Achieving its target of bringing 40 percent India’s out-of-school girls back into education within five years will involve a massive expansion of the organisation’s activities. That’s where the analytics come in, says Husain: “The trick is working out which 5 percent of the villages we should focus on and then we can bring 1.6 million girls back into the school system – which means I need to scale from 13,000 to 35,000 villages and find 35,000 volunteers.”
“We are getting larger and larger data sets. We are making predictions. They help us target geographies much faster. It helps us see correlations. There are about 263 indicators in our algorithm, and the majority are economic and social marginalisation… We can map for the whole country and say where we should be going.” That wealth of information can be shared with the government and other agencies involved in welfare and human rights issues, helping them to identify areas of greatest need.
Educate Girls’ activities are supported by IDinsight, a non-profit that uses data to help organisations tackling poverty. It estimates that that Educate Girls would be able to reach around 1,000,000 out-of-school girls with its current expected budget and previous approach. However, by using the predictions generated by machine learning, it will be able to reach around 600,000 additional girls for roughly the same cost.
Data collection and analysis can pinpoint the areas into which Educate Girls should go. But, what of the effectiveness of its efforts once it arrives in a village?
With learning data for a quarter of a million children Educate Girls can quickly identify the schools which are doing best and which are doing badly. Then it can ask what explanations there might be. Is it classrooms, is it facilities, is it the number of teachers?

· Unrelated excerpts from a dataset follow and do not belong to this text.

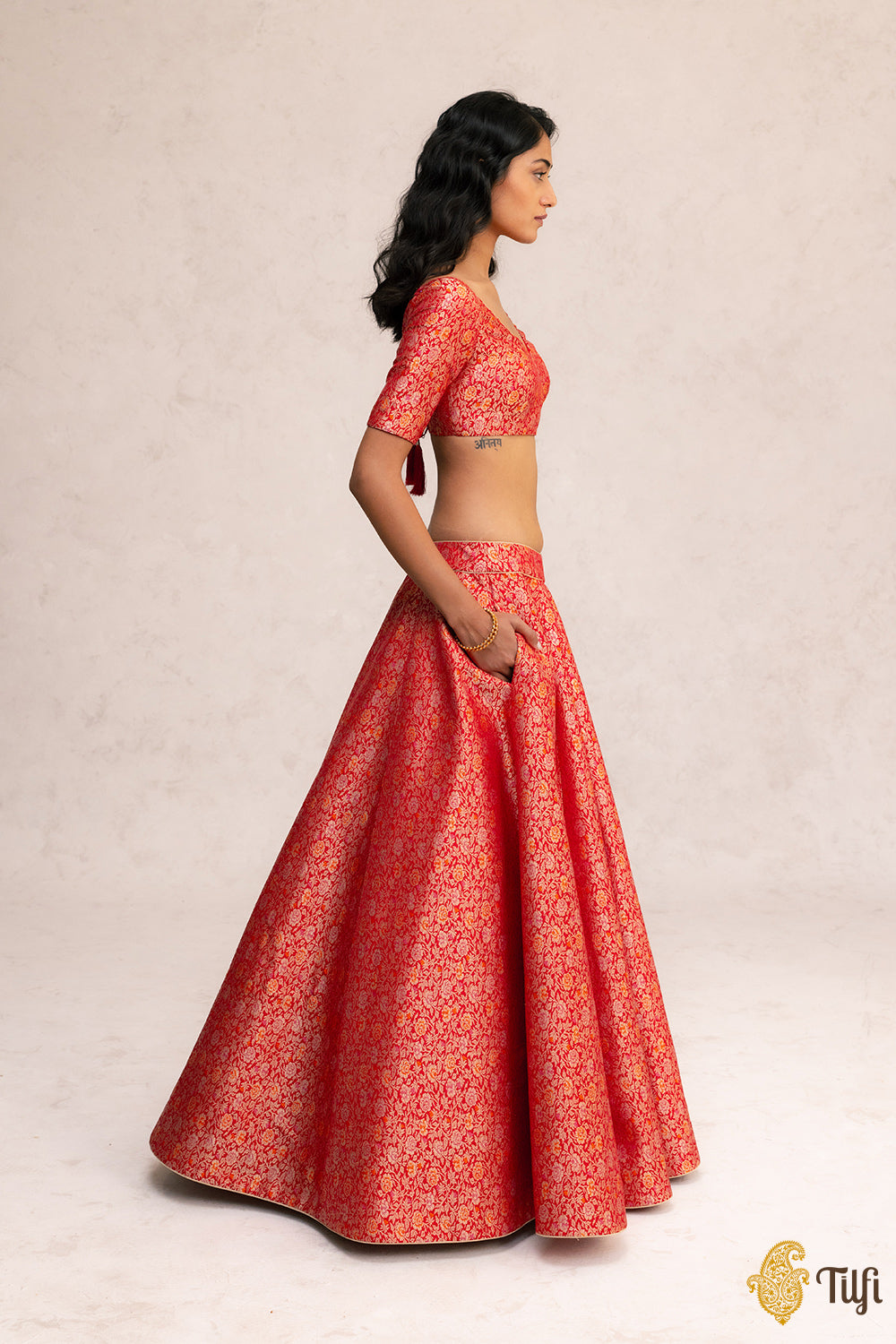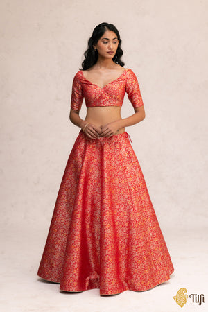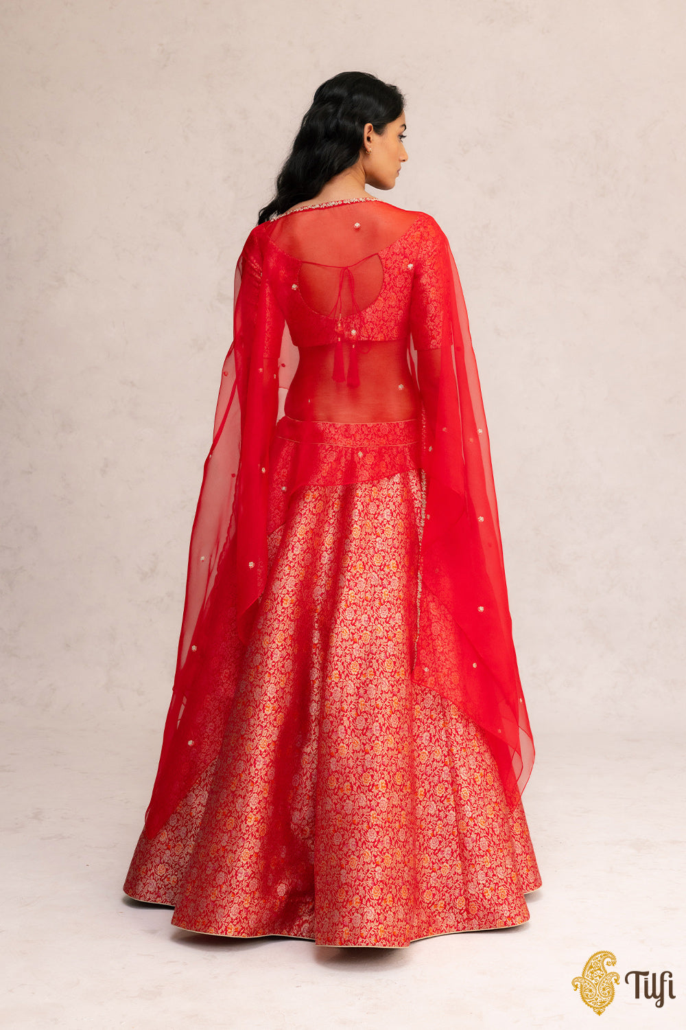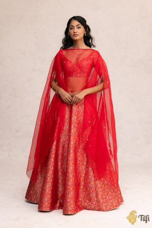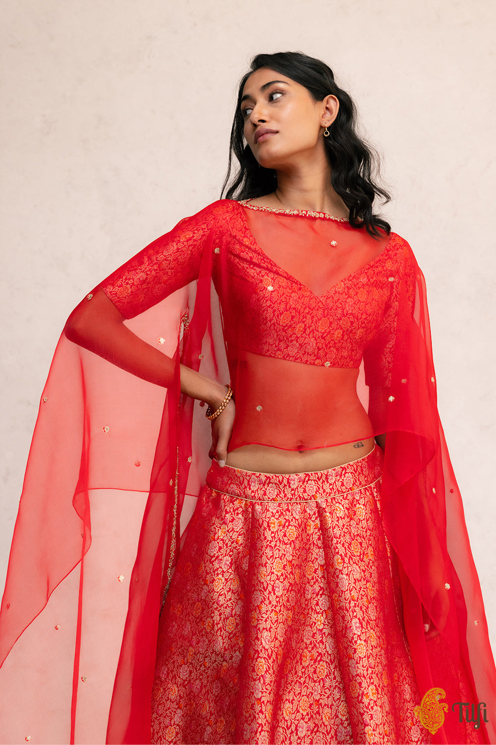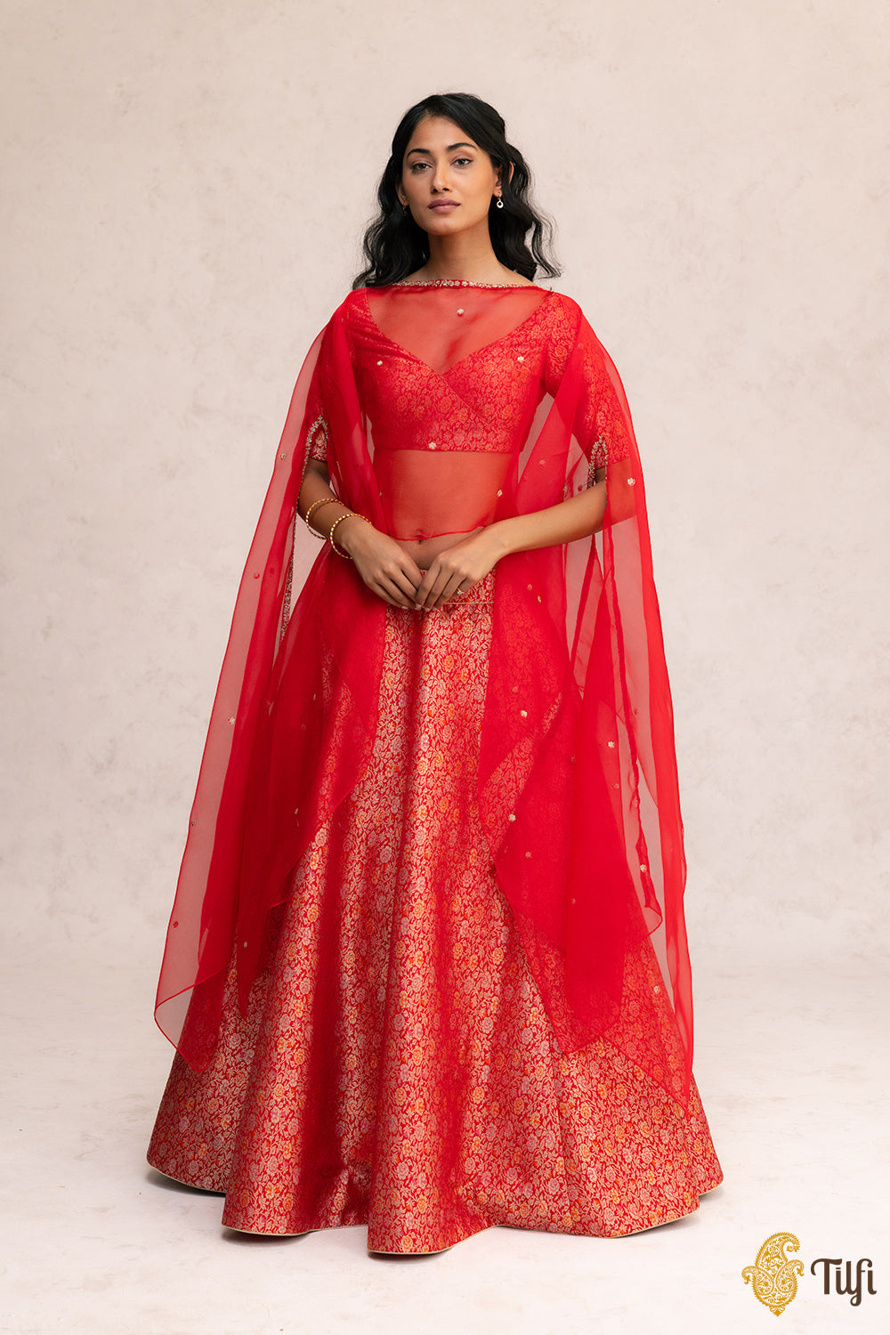 A bright red lehenga featuring a brocade blouse, skirt and a contemporary cape dupatta. Theflared long skirt is covered with intricate all-over rose jaal patterns, handwoven using gold zari and detailed with resham meenakari in orange and pink hues.Fine hand embroidery embellishes a gossamer organza silk cape dupatta, completing the set to create a classic yet versatile silhouette.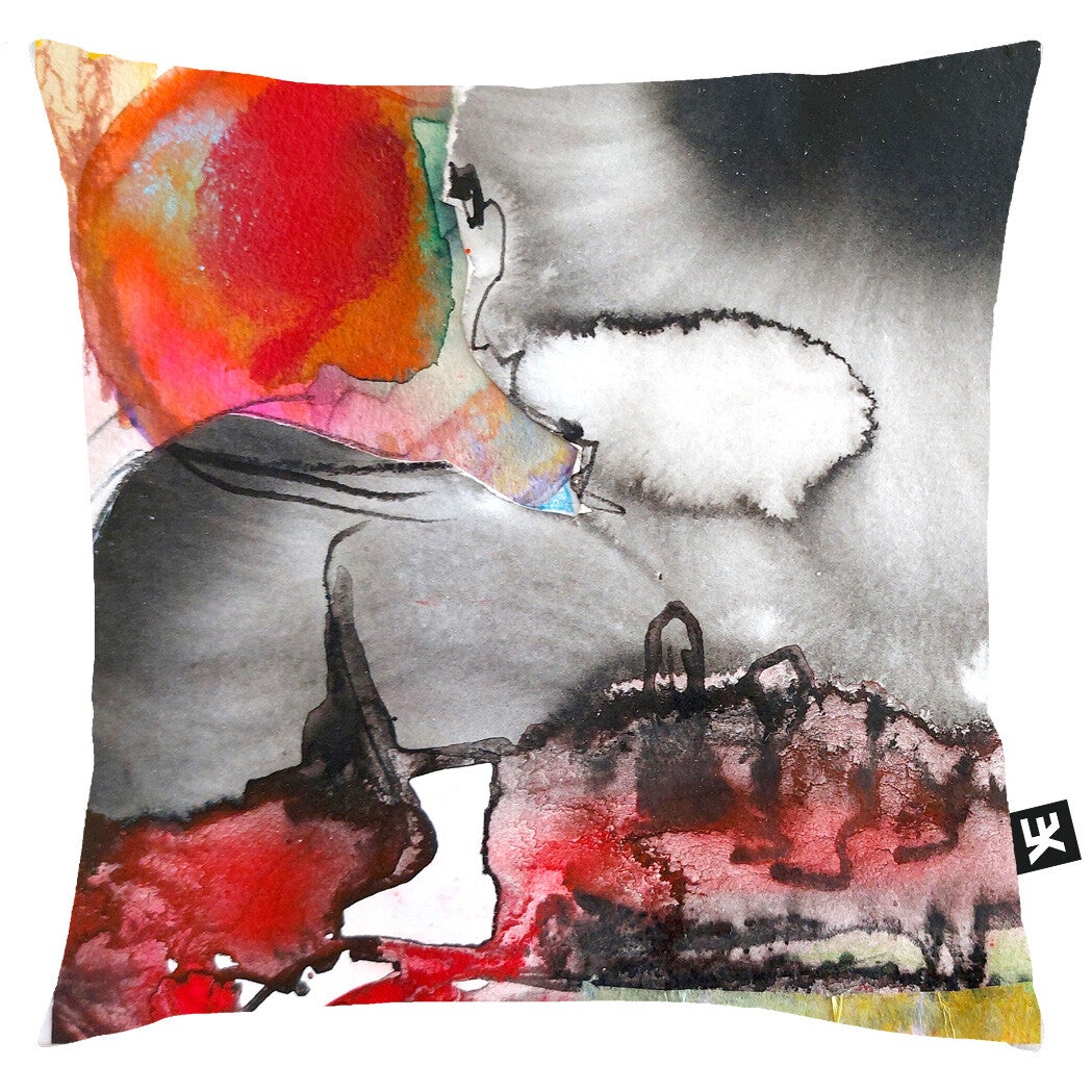 De achterzijde van het kussen is uitgevoerd in een uni kleur , passend bij het kunstwerk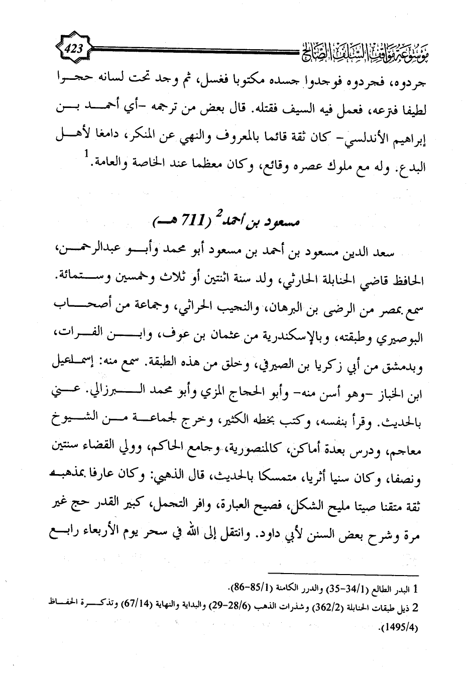 سعد الدين مسعود بن أحمد بن مسعود أبو محمد وأبو عبد الرحمن، الحافظ قاضي الحنابلة الحارثي، ولد سنة اثنتين أو ثلاث وخمسين وستمائة. سمع بمصر من الرضى بن البرهان، والنجيب الحراثي، وجماعة من أصحاب البوصيري وطبقته، وبالإسكندرية من عثمان بن عوف، وابن الفرات، وبدمشق من أبي زكريا بن الصيرفي، وخلق من هذه الطبقة. سمع منه: إسماعيل ابن الخباز -وهو أسن منه- وأبو الحجاج المزي وأبو محمد البرزالي. عني بالحديث. وقرأ بنفسه، وكتب بخطه الكثير، وخرج لجماعة من الشيوخ معاجم، ودرس بعدة أماكن، كالمنصورية، وجامع الحاكم، وولي القضاء سنتين ونصفا، وكان سنيا أثريا، متمسكا بالحديث، قال الذهبي: وكان عارفا بمذهبه ثقة متقنا صيتا مليح الشكل، فصيح العبارة، وافر التجمل، كبير القدر حج غير مرة وشرح بعض السنن لأبي داود. وانتقل إلى الله في سحر يوم الأربعاء رابع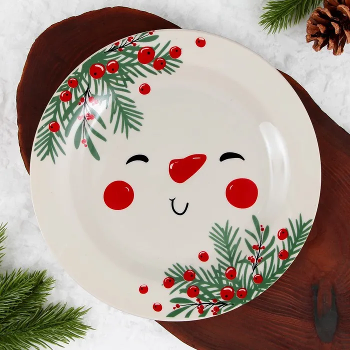 Тарелка новогодняя керамическая «Снеговик Зимка», 20 см — Характеристики

For example, Educate Girls found that in some areas, some teachers appeared to be getting great results while others weren’t. Because results could be analysed and compared at a very granular level, an important finding emerged: the pupils of a teacher who taught in the village where he or she lived achieved far better results than pupils whose teachers came from outside.
“Because they were from the same village, the teachers didn’t just run the classes,” observes Husain. “At exam time, they went to the student’s home. They said: ‘Are you doing okay? Can I help you? Are you stuck somewhere? Can I help you revise?’”
Also, through classroom observation, and by seeing where pupils perform best, Educate Girls can help teachers up their game. Again, data gives important insights.
The use of technology and data to target resources and evaluate outcomes has been key in the organisation’s success. If Husain has a regret it is only that Educate Girls didn’t see the potential earlier. “We could have automated stuff rather faster,” she says. “If there had been the opportunity, I would have invested much more heavily in the technology.”